Weirdmonger

D.F. Lewis


Rated: 4.00 of 5 stars
4.00 · 1 ratings · 400 pages · Published: 10 May 2003

Weirdmonger by D.F. Lewis
Collects sixty-seven short, weird stories, all written and published between 1987-1999.

DF Lewis is a legend among readers of fantasy and horror fiction. These days he devotes his creative energies to editing his annual magazine Nemonymous, in which authors identities are revealed only in the subsequent issue. Now Lewis has a big collection of his own heteromorphic short fiction in print: Weirdmonger is a substantial volume of often insubstantial pieces. Insubstantial only in terms of length, that is. Lewis writes some of the shortest short stories around and still makes them work. The long ones work, too. Its possible to detect the influence of English horror writer Ramsey Campbell, especially in the puns and wordplay, while the spirit of the American short story writer H P Lovecraft infuses every paragraph.
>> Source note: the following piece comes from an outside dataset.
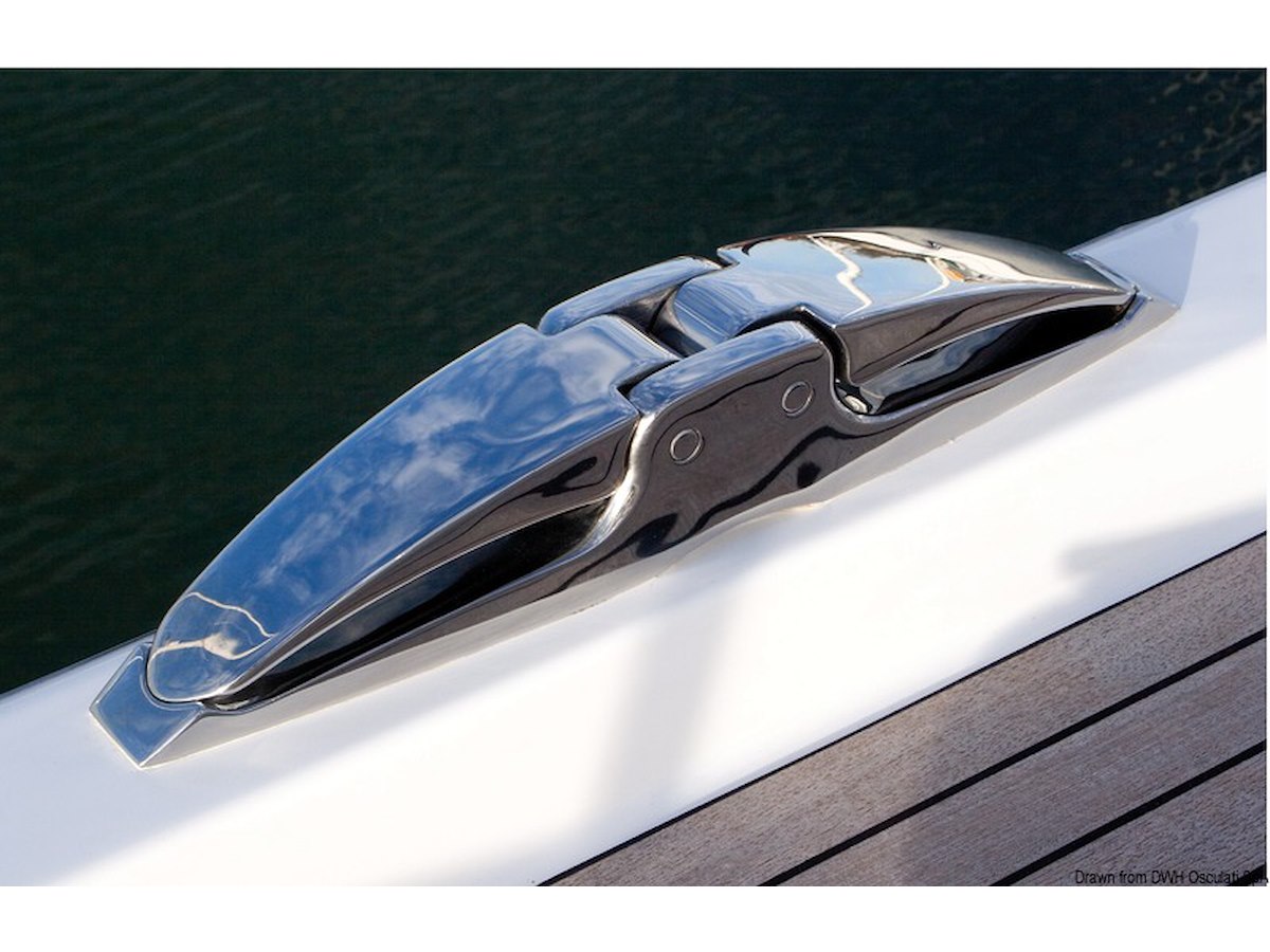 Fabbricate in acciaio inox AISI 316 lucidato a specchio. Il meccanismo di apertura / chiusura è dotato di eccentrico a scatto che evita aperture accidentali.

The Scar Museum finds the curator of that establishment arriving in a seaside spa town where he is confronted with more cicatrices than he can handle. He is enjoying a drink in a hotel bar when he notices a young woman sat opposite, her scars like tug-of-war teams competing for the bridge of her nose. The consequences of the ensuing meeting, as ever with Lewis, are both horrible and wonderful.